HAWQ取代传统数仓实践(十一)——维度表技术之维度合并
有一种合并维度的情况,就是本来属性相同的维度,因为某种原因被设计成重复的维度属性。例如,在销售订单示例中,随着数据仓库中维度的增加,我们会发现有些通用的数据存在于多个维度中。客户维度的客户地址相关信息、送货地址相关信息里都有邮编、城市和省份。下面说明如何把客户维度里的两个邮编相关信息合并到一个新的维度中。
一、修改数据仓库表结构
为了合并维度,需要改变数据仓库表结构。图1显示了修改后的结构。新增了一个zip_code_dim邮编信息维度表,sales_order_fact事实表的结构也做了相应的修改。

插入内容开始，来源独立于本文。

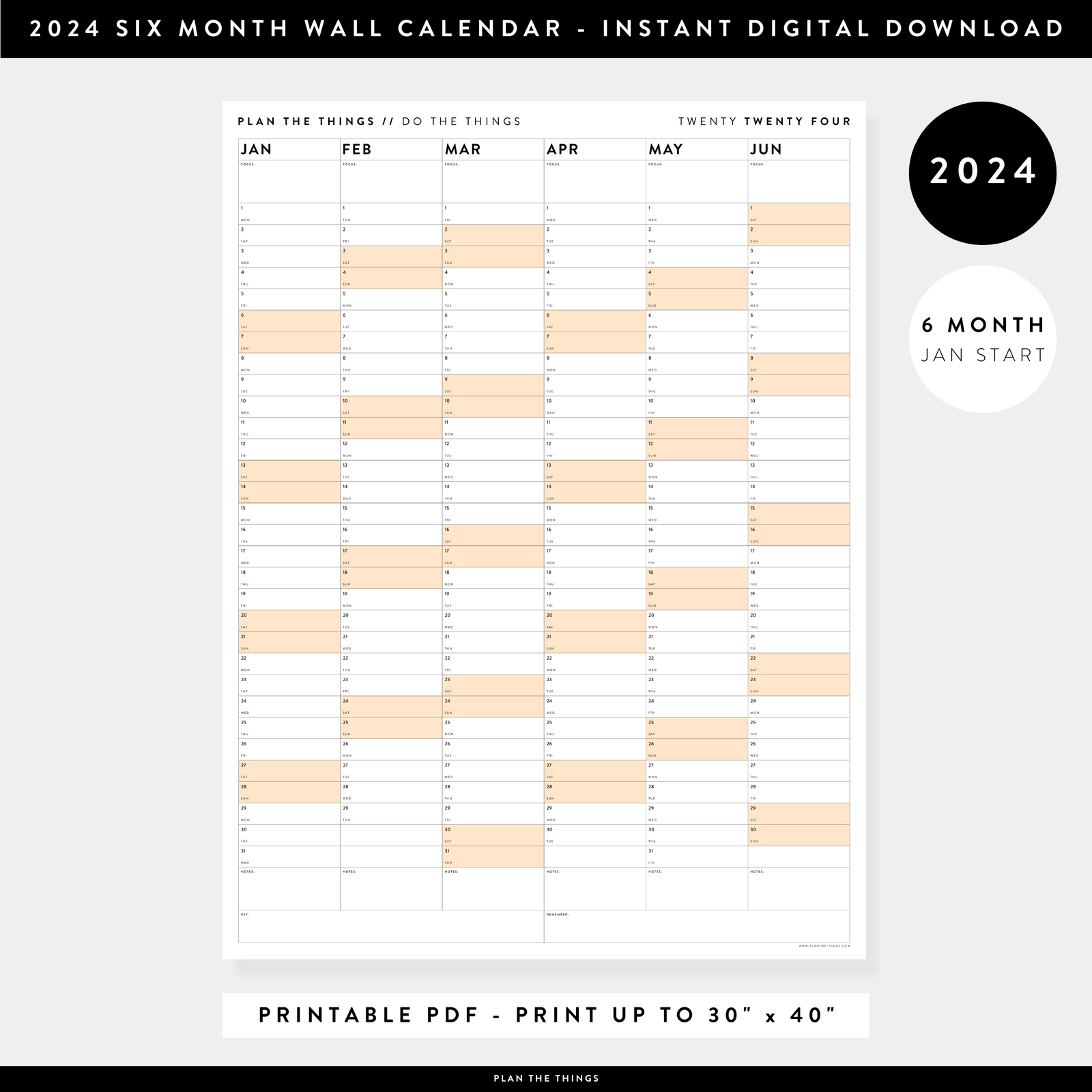 Yearly Calendar 2024 , January to June digital, Printable Etsy

zip_code_dim维度表与销售订单事实表相关联。这个关系替换了事实表与客户维度的关系。sales_order_fact表需要两个关系,一个关联到客户地址邮编,另一个关联到送货地址邮编,相应的增加了两个外键字段。假设邮编相关信息不会修改,因此zip_code_dim表中没有是否删除、版本号、生效日期等SCD属性。
下面的脚本用于修改数据仓库模式,所做的修改如下。
- 创建邮编维度表zip_code_dim。
- 初始装载邮编相关数据。
- 基于zip_code_dim表创建v_customer_zip_code_dim和v_shipping_zip_code_dim视图。
- 在sales_order_fact表上增加customer_zip_code_sk和shipping_zip_code_sk列。
- 基于已有的客户邮编和送货邮编初始装载两个邮编代理键。
- 在customer_dim表上删除客户和送货邮编及其它们的城市和州列。
- 在pa_customer_dim上删除客户的城市、州和邮编列。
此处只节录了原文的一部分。